POST /graphql?batchOperations=[NewsFeed, StoryComments]

query NewsFeed {
  stories {
    id @export(as: "ids")
    actor
    message
  }
}

query StoryComments {
  stories(ids: $ids) {
    comments(first: 2) {
      actor
      message
    }
  }
}

We support two ways to batch ... operation batching like the above where you send in a document and specify the operations as a list in the url to specify which operation you want to batch...

And we also support the Apollo way which basically is a request batching. Batching for the sake to safe requests might not be necessary with HTTP/2 but combined with @export I see value in it for especially mutations.

benjie · 2019-11-10T20:58:49Z

@michaelstaib Sure; I was referring to straight-forward vanilla batching rather than with dependencies and chaining. Is there a full spec for the approach you raised? It seems you’d need a runtime on top of GraphQL to validate the types of the variables/exports before running any of the batch? That’s quite a but more complex than the simple array-based parallel batching that Apollo Server, PostGraphile and the like support.

michaelstaib · 2019-11-10T21:11:30Z

@benjie

Hot Chocolate and Sangria have implemented it this way. You actually do not need a lot extra. Directives in Hot Chocolate can be associated with field middleware, so the execution is quite simple. Validation wise you can also do static analysis to checkout if outputs are compatible with the inputs. We basically infer the variables.

Oleg and I both inferred the specification from a talk that lee gave :)

There are some discussions also with the GraphQL-Java guys about this on the spec repo. Also there are some discussions on this with Ivan, the PayPal guys and so on

I really should put that all together to a spec document. I think I will write a little blog summing all up and then we have something with all the information in one document.

https://hotchocolate.io/docs/batching

On our docs is the talk from @leebyron. They introduced this back then to basically solve something that you actually better solve with @defer. But, as I said, the superpower of @export and batching lies more in mutations in my opinion.

sungam3r · 2019-11-10T21:48:31Z

Just a note - I was talking about array-based batching approach.

benjie · 2019-11-13T11:35:35Z

These seem to be radically different topics that share some similarities.

With auto-batching the requests are captured and batched together as a purely transport-level optimisation, to reduce roundtrips. They introduce no new validation, GraphQL re-writing, or any other complexities. The operations typically run independently in parallel on the server, and the results are returned as an array in the same order to the client. They have trade-offs, and HTTP/2 (or using a websocket transport) solves the problem better.

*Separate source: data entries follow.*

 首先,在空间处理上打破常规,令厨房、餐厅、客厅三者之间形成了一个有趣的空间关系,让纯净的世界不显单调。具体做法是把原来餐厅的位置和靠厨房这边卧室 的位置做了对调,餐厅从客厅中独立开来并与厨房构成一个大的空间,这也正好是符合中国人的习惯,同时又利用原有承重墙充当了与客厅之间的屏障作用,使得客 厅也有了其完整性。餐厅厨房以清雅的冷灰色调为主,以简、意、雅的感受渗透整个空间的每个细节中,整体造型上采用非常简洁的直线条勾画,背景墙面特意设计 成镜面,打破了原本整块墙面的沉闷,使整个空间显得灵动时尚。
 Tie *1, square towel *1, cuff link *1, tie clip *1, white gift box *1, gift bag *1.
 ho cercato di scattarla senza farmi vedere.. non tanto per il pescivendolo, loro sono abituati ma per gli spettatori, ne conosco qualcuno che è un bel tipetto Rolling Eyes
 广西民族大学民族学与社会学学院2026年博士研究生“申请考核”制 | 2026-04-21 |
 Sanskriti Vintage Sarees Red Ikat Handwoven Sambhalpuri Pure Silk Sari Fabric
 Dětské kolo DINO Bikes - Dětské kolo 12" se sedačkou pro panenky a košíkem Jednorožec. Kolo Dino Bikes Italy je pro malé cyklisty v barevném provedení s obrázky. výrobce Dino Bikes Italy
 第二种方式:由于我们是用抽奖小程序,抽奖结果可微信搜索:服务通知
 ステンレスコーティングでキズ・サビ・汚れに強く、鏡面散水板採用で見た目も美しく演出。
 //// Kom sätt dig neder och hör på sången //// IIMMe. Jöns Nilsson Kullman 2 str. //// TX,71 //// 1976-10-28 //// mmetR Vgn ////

With chained batches, the queries in the batch have to be prepared in advance so that they can be issued together, otherwise later operations may not validate as they rely on variables that are dynamically declared from previous operations' @export directives. They require a runtime to re-write the queries based on the @export directives, and must be ran serially (though there may be some parallelism depending on the variable dependencies) so the variables can be updated. The operations themselves are not valid GraphQL operations until the transforms have been applied, so many GraphQL validation/linting tools would reject them.

(By the way, I think the validation issues/rewrite requirements of these chained batches could be solved by changing the syntax for query StoryComments { to query StoryComments($ids: Int[] @import(from: "ids")) {.)

@sungam3r I suggest you rename this issue to "HTTP/1.1 roundtrip reduction via array-based auto-batching".

@michaelstaib I suggest you raise a new issue about the approach you mention, which I think might be better described as something like "chained operation batches".

michaelstaib · 2019-11-13T12:26:29Z

@benjie you are right and we should have multiple issues describing the different approaches.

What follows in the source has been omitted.